%%
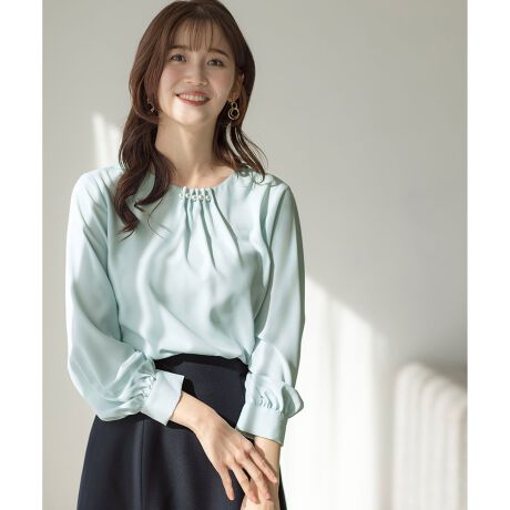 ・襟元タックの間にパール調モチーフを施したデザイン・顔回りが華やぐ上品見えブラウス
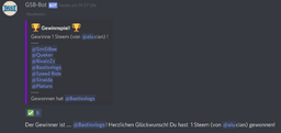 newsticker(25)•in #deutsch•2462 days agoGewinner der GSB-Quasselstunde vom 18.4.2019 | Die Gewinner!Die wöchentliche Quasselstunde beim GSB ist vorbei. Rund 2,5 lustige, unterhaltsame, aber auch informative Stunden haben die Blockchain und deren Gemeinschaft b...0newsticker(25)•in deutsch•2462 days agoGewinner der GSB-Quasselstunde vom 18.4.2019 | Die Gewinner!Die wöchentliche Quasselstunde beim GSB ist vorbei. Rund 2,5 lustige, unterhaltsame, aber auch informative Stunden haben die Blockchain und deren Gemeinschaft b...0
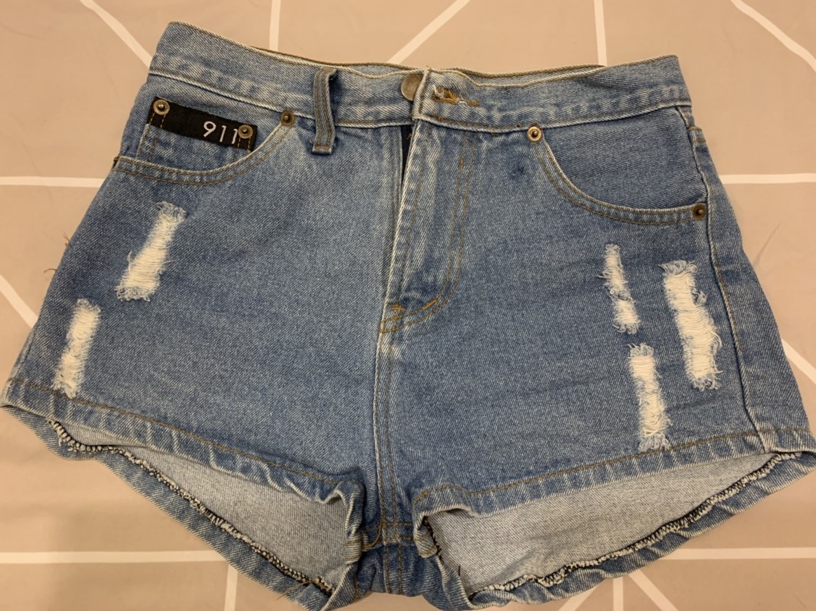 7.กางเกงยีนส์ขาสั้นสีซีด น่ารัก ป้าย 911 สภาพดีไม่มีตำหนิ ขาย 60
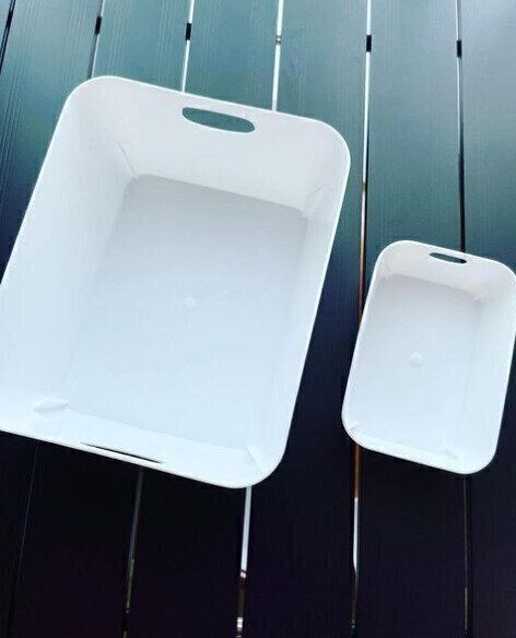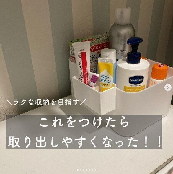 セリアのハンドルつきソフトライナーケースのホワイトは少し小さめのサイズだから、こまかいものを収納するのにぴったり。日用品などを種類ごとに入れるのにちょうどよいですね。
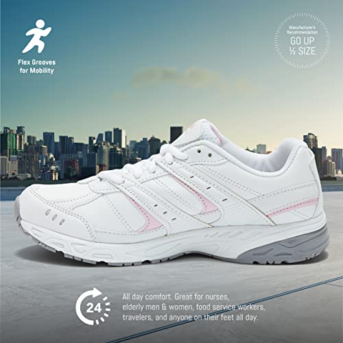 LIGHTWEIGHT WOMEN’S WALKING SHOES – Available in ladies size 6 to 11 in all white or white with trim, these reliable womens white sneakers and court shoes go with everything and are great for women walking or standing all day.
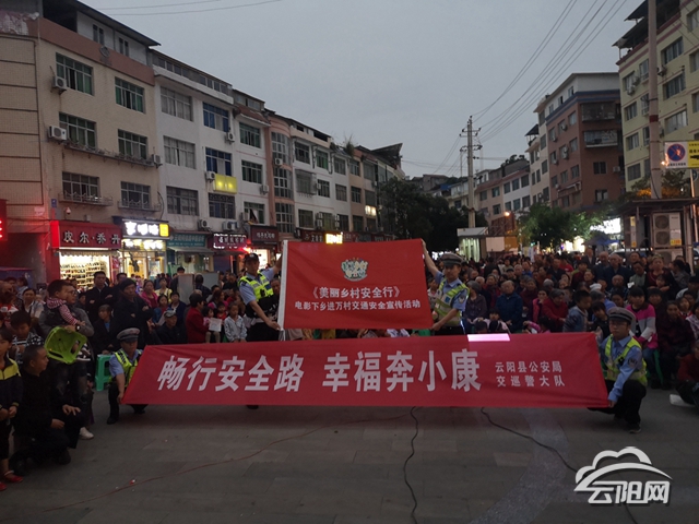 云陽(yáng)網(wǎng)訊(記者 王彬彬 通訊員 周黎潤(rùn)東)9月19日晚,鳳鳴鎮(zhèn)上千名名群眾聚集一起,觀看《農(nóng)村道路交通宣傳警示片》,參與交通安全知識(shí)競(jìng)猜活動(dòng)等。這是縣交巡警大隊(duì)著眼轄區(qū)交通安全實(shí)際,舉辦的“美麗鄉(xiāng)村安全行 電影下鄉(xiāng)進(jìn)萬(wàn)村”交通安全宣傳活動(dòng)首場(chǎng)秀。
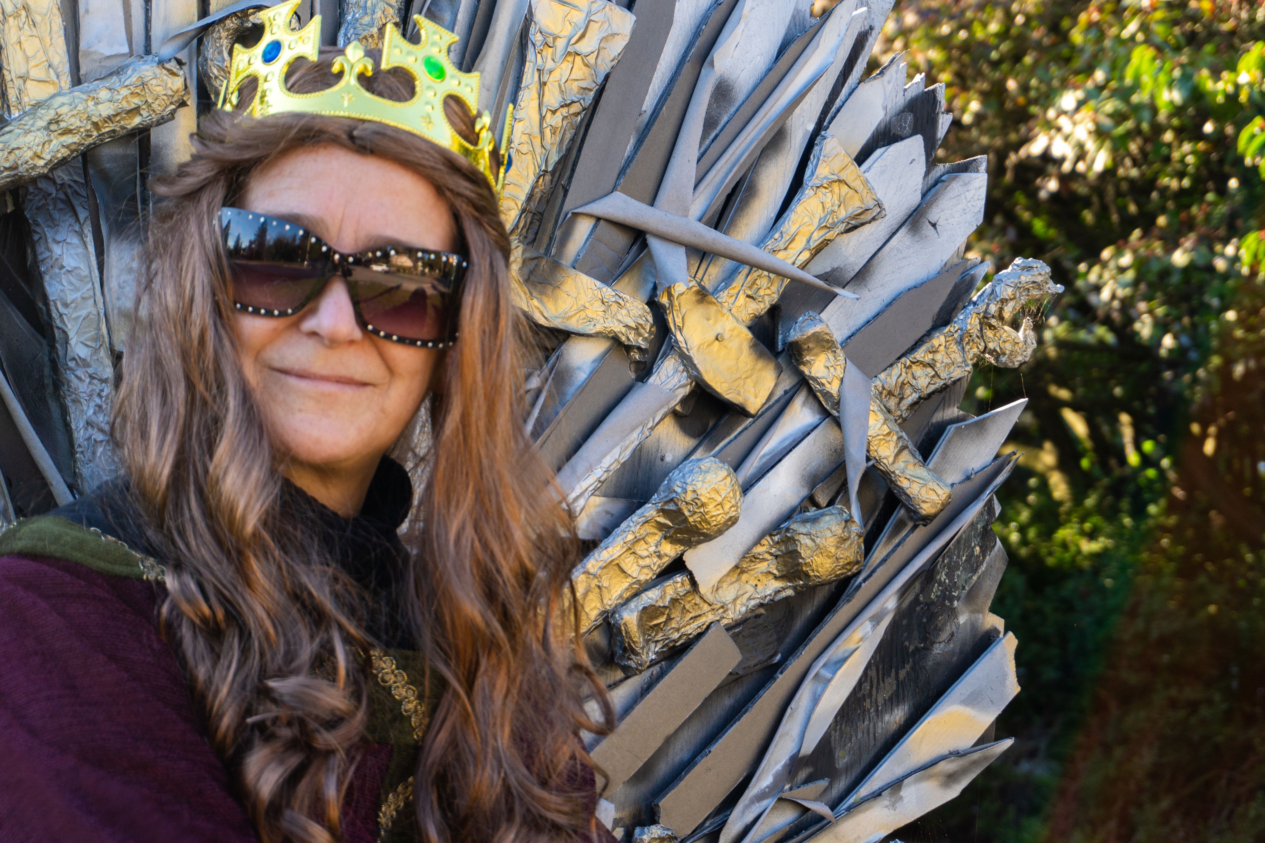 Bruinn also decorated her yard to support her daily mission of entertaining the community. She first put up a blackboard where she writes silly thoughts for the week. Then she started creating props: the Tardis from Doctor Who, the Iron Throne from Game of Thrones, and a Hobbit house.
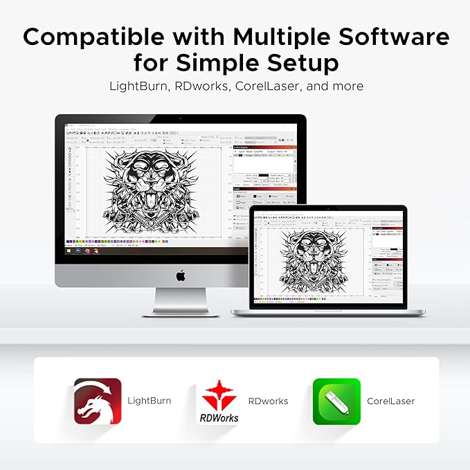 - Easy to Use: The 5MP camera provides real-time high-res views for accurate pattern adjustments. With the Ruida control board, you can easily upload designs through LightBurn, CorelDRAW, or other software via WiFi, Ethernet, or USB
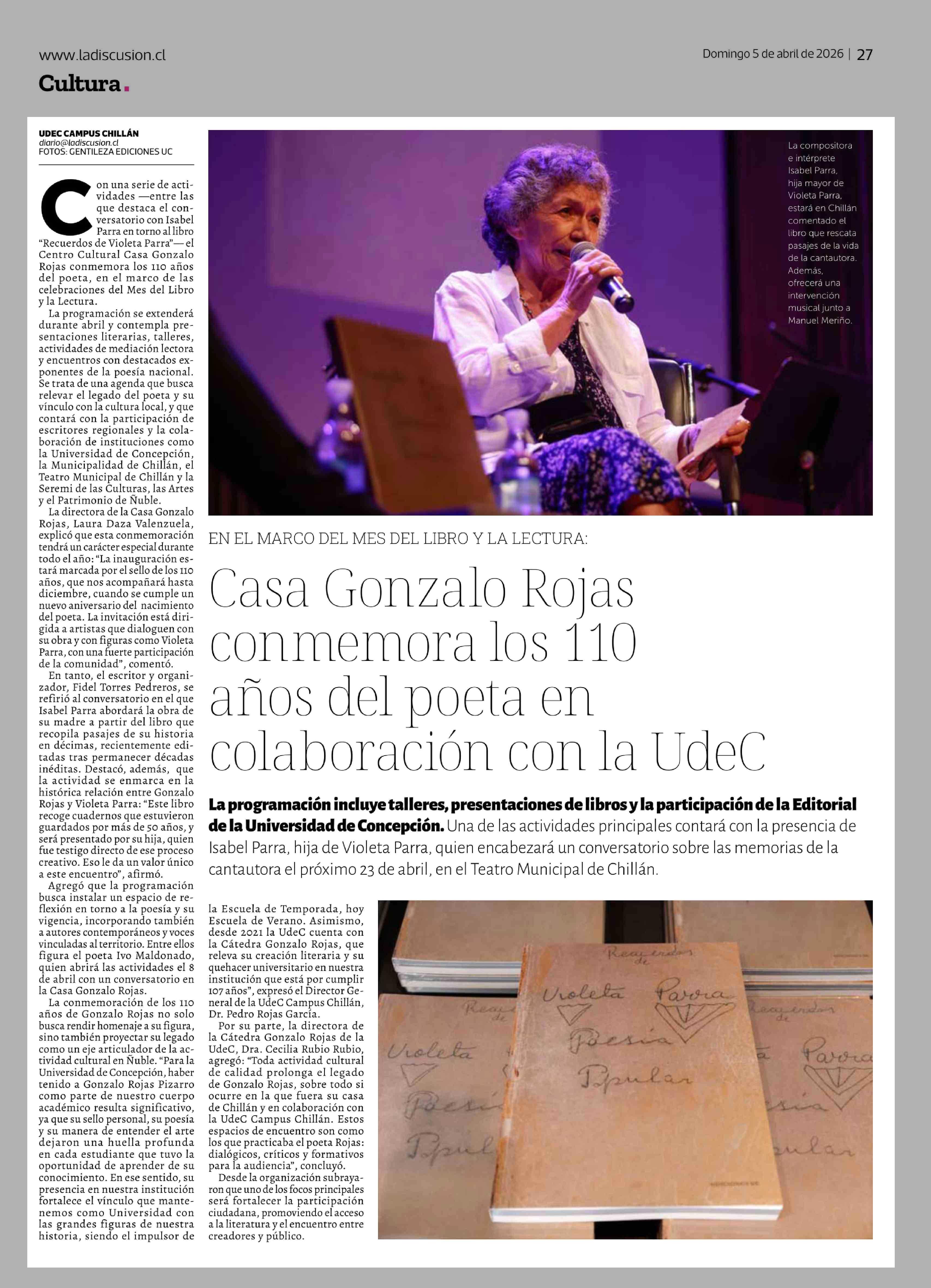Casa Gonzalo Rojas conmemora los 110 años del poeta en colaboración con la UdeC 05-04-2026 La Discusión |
%%
■ Work required ■
The reply should hold the lines from the top of the records through the line containing "Bruinn also decorated", reproduced exactly, and no pictures.

■ Solution to this problem ■
 ・襟元タックの間にパール調モチーフを施したデザイン・顔回りが華やぐ上品見えブラウス
 newsticker(25)•in #deutsch•2462 days agoGewinner der GSB-Quasselstunde vom 18.4.2019 | Die Gewinner!Die wöchentliche Quasselstunde beim GSB ist vorbei. Rund 2,5 lustige, unterhaltsame, aber auch informative Stunden haben die Blockchain und deren Gemeinschaft b...0newsticker(25)•in deutsch•2462 days agoGewinner der GSB-Quasselstunde vom 18.4.2019 | Die Gewinner!Die wöchentliche Quasselstunde beim GSB ist vorbei. Rund 2,5 lustige, unterhaltsame, aber auch informative Stunden haben die Blockchain und deren Gemeinschaft b...0
 7.กางเกงยีนส์ขาสั้นสีซีด น่ารัก ป้าย 911 สภาพดีไม่มีตำหนิ ขาย 60
 セリアのハンドルつきソフトライナーケースのホワイトは少し小さめのサイズだから、こまかいものを収納するのにぴったり。日用品などを種類ごとに入れるのにちょうどよいですね。
 LIGHTWEIGHT WOMEN’S WALKING SHOES – Available in ladies size 6 to 11 in all white or white with trim, these reliable womens white sneakers and court shoes go with everything and are great for women walking or standing all day.
 云陽(yáng)網(wǎng)訊(記者 王彬彬 通訊員 周黎潤(rùn)東)9月19日晚,鳳鳴鎮(zhèn)上千名名群眾聚集一起,觀看《農(nóng)村道路交通宣傳警示片》,參與交通安全知識(shí)競(jìng)猜活動(dòng)等。這是縣交巡警大隊(duì)著眼轄區(qū)交通安全實(shí)際,舉辦的“美麗鄉(xiāng)村安全行 電影下鄉(xiāng)進(jìn)萬(wàn)村”交通安全宣傳活動(dòng)首場(chǎng)秀。
 Bruinn also decorated her yard to support her daily mission of entertaining the community. She first put up a blackboard where she writes silly thoughts for the week. Then she started creating props: the Tardis from Doctor Who, the Iron Throne from Game of Thrones, and a Hobbit house.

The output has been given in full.